Exercise input:
┄┄┄┄┄┄┄┄┄┄┄┄┄┄┄┄┄┄┄┄

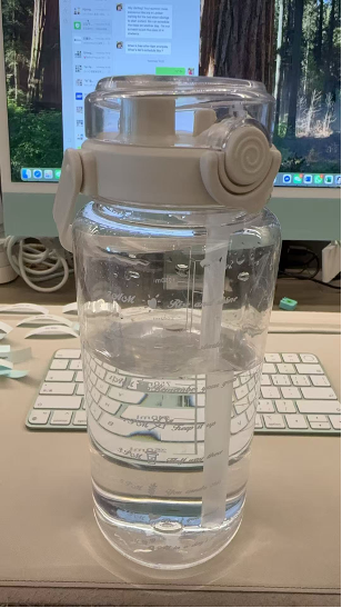 I’m known for my oversized 1.5 liter water bottle with a handle. I bring it everywhere, and yes, people laugh. But it’s my secret weapon.
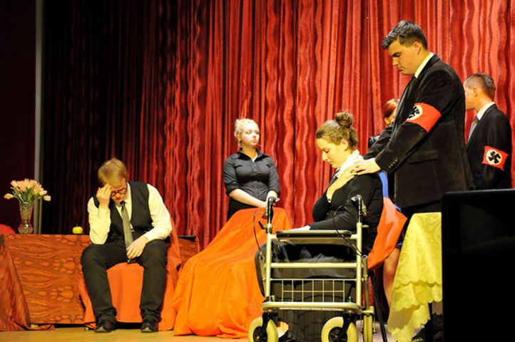 Wydawać by się mogło, że utwór Kruczkowskiego stracił wiele na swej atrakcyjności. Pokazuje przecież losy niemieckiej rodziny z czasów II wojny światowej. Nic bardziej mylnego. Inscenizacja respektuje najważniejsze elementy kompozycji dramatu, dzięki czemu wiele kwestii moralnych brzmi prawdziwie i aktualnie. Na początku mamy wyrazistą prezentację bohaterów uwikłanych w zbrodniczy mechanizm faszystowskiego państwa. W krótkich scenach uczniowie potrafili zaprezentować najbardziej charakterystyczne cechy granych postaci. Dalsza część przedstawienia pokazuje konflikt w rodzinie profesora Sonnenbrucha, który nie godząc się na zbrodniczą politykę Hitlera wybrał dumną samotność. Kamil Tworkowski bardzo dobrą grą potrafił wydobyć tragizm tej postaci, pokazać, że bierność i pogarda dla faszyzmu jest niczym innym, jak przyzwoleniem na zło i degradację ludzkich wartości. Kontrastową wobec postaci uczonego kreacją jest jego dawna asystentka, działaczka antyfaszystowska, uciekinierka z obozu Shoshona Peters. W Niemcach L. Kruczkowskiego jest to komunista Joachim Petrs. Ta innowacja reżyserska (nie jedyna) podyktowana koniecznością (brak aktorów, którzy zagraliby role męskie) nie wpłynęła na jakość tej warstwy dramatu. Anna Owerczuk w roli Shoshony była bardzo przekonująca. Jej racje zawarte w słowach: Ja także znam okropną niemiecką samotność, od czterech dni, odkąd uciekłam z obozu. Samotność we własnym kraju, wśród ludzi mówiących tym samym językiem. (…)Od lat sama siebie skazałam na cierpienie, na śmierć pewniejszą niż życie- żeby walczyć, żeby ratować nas wszystkich! Żeby sprzeciwić się złu! brzmią prawdziwie w czasach odradzających się nacjonalizmów i ekstremizmów .
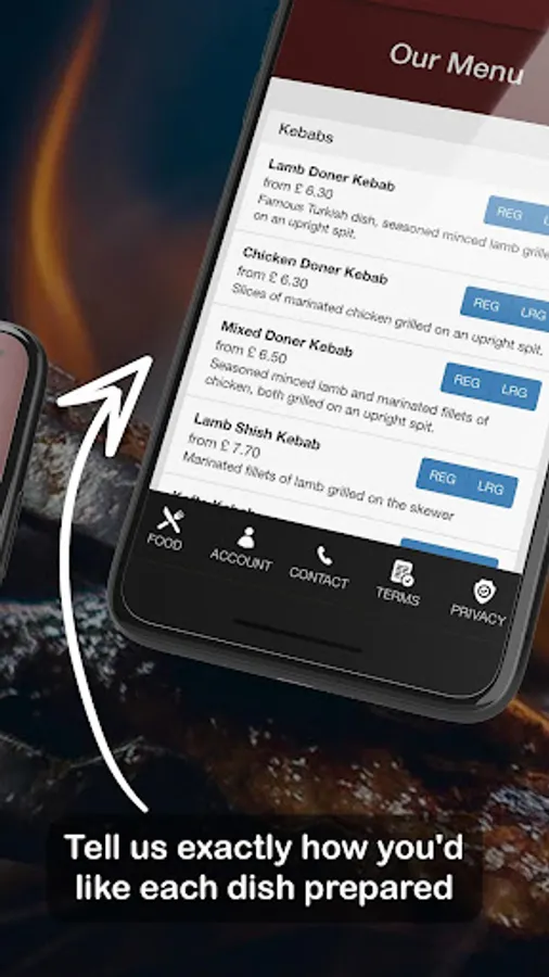 All of our dishes can be customised when you order through the app, for example salad and sauce options, salt and vinegar, and add-ons too.
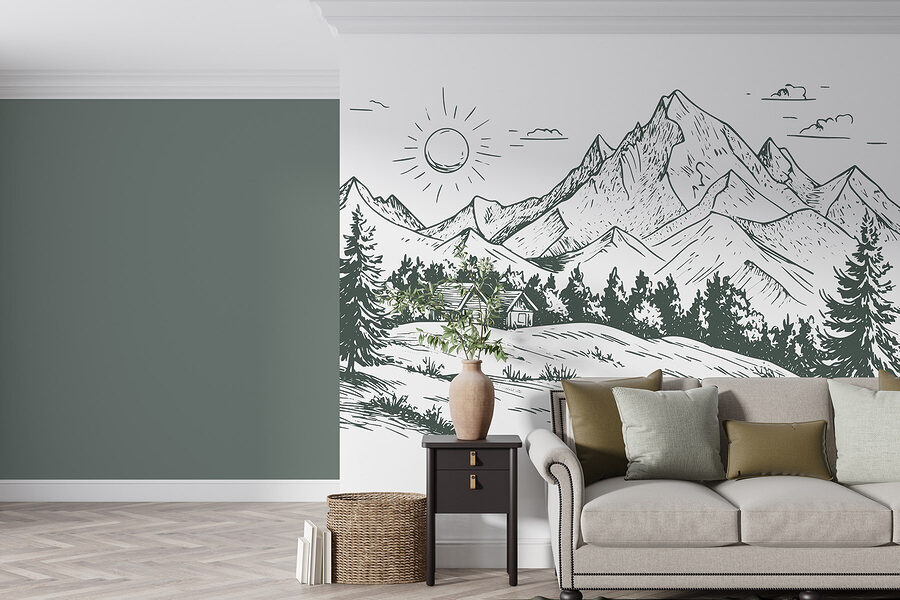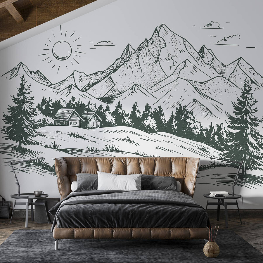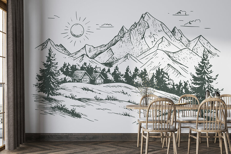 Proměňte prázdnou stěnu v klidné útočiště pomocí této podmanivé nástěnné malby s půvabným domem zasazeným mezi velkolepé hory a svěží stromy. Představte si, že se probouzíte s jemnou připomínkou krásy přírody přímo ve svém obývacím pokoji nebo domácí kanceláři. Ostré linie a zemité tóny vytvářejí klidnou atmosféru, která je ideální pro odpočinek po dlouhém dni. Je to jako přenést kousek venkovní přírody dovnitř, bez komárů. Ať už se jedná o útulný čtecí koutek, nebo o příjemné místo pro přátele, tato nástěnná malba navodí tu správnou náladu. Kdo by se nechtěl ve svém každodenním životě cítit trochu víc zenově?
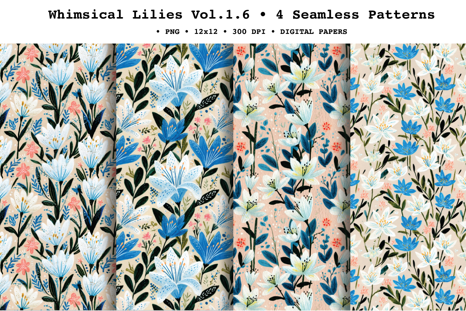 Add elegant spring florals to your designs with Whimsical Lilies ,coordinating seamless patterns featuring painterly lilies, leafy sprigs, and tiny scattered blossoms. The palette blends crisp whites with rich blues, soft coral accents, and fresh greens, finished with a lightly textured, gouache-style look for a modern-yet-timeless floral feel. These seamless repeat digital papers are perfect for creating endless backgrounds for print and digital crafts—ideal for spring stationery, wedding-inspired makes, and nature-themed surface pattern projects.
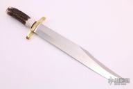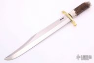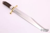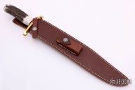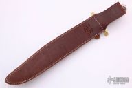The 13" Randall Thorp Bowie by Randall Made Knives is similar to types used by Confederate troops. This one has an 13" carbon steel blade with sharpened top edge, .201" blade stock and 1.647" blade depth, hidden tang construction. The handle has a brass lugged guard and scalloped butt cap, stag grip with black spacers. Comes with a brown leather sheath and a zippered case. Excellent condition.

┄┄┄┄┄┄┄┄┄┄┄┄┄┄┄┄┄┄┄┄

Exercise instructions: When you retype the data above, match every line exactly and leave the pictures behind.

Result of the task:
 I’m known for my oversized 1.5 liter water bottle with a handle. I bring it everywhere, and yes, people laugh. But it’s my secret weapon.
 Wydawać by się mogło, że utwór Kruczkowskiego stracił wiele na swej atrakcyjności. Pokazuje przecież losy niemieckiej rodziny z czasów II wojny światowej. Nic bardziej mylnego. Inscenizacja respektuje najważniejsze elementy kompozycji dramatu, dzięki czemu wiele kwestii moralnych brzmi prawdziwie i aktualnie. Na początku mamy wyrazistą prezentację bohaterów uwikłanych w zbrodniczy mechanizm faszystowskiego państwa. W krótkich scenach uczniowie potrafili zaprezentować najbardziej charakterystyczne cechy granych postaci. Dalsza część przedstawienia pokazuje konflikt w rodzinie profesora Sonnenbrucha, który nie godząc się na zbrodniczą politykę Hitlera wybrał dumną samotność. Kamil Tworkowski bardzo dobrą grą potrafił wydobyć tragizm tej postaci, pokazać, że bierność i pogarda dla faszyzmu jest niczym innym, jak przyzwoleniem na zło i degradację ludzkich wartości. Kontrastową wobec postaci uczonego kreacją jest jego dawna asystentka, działaczka antyfaszystowska, uciekinierka z obozu Shoshona Peters. W Niemcach L. Kruczkowskiego jest to komunista Joachim Petrs. Ta innowacja reżyserska (nie jedyna) podyktowana koniecznością (brak aktorów, którzy zagraliby role męskie) nie wpłynęła na jakość tej warstwy dramatu. Anna Owerczuk w roli Shoshony była bardzo przekonująca. Jej racje zawarte w słowach: Ja także znam okropną niemiecką samotność, od czterech dni, odkąd uciekłam z obozu. Samotność we własnym kraju, wśród ludzi mówiących tym samym językiem. (…)Od lat sama siebie skazałam na cierpienie, na śmierć pewniejszą niż życie- żeby walczyć, żeby ratować nas wszystkich! Żeby sprzeciwić się złu! brzmią prawdziwie w czasach odradzających się nacjonalizmów i ekstremizmów .
 All of our dishes can be customised when you order through the app, for example salad and sauce options, salt and vinegar, and add-ons too.
 Proměňte prázdnou stěnu v klidné útočiště pomocí této podmanivé nástěnné malby s půvabným domem zasazeným mezi velkolepé hory a svěží stromy. Představte si, že se probouzíte s jemnou připomínkou krásy přírody přímo ve svém obývacím pokoji nebo domácí kanceláři. Ostré linie a zemité tóny vytvářejí klidnou atmosféru, která je ideální pro odpočinek po dlouhém dni. Je to jako přenést kousek venkovní přírody dovnitř, bez komárů. Ať už se jedná o útulný čtecí koutek, nebo o příjemné místo pro přátele, tato nástěnná malba navodí tu správnou náladu. Kdo by se nechtěl ve svém každodenním životě cítit trochu víc zenově?
 Add elegant spring florals to your designs with Whimsical Lilies ,coordinating seamless patterns featuring painterly lilies, leafy sprigs, and tiny scattered blossoms. The palette blends crisp whites with rich blues, soft coral accents, and fresh greens, finished with a lightly textured, gouache-style look for a modern-yet-timeless floral feel. These seamless repeat digital papers are perfect for creating endless backgrounds for print and digital crafts—ideal for spring stationery, wedding-inspired makes, and nature-themed surface pattern projects.
The 13" Randall Thorp Bowie by Randall Made Knives is similar to types used by Confederate troops. This one has an 13" carbon steel blade with sharpened top edge, .201" blade stock and 1.647" blade depth, hidden tang construction. The handle has a brass lugged guard and scalloped butt cap, stag grip with black spacers. Comes with a brown leather sheath and a zippered case. Excellent condition.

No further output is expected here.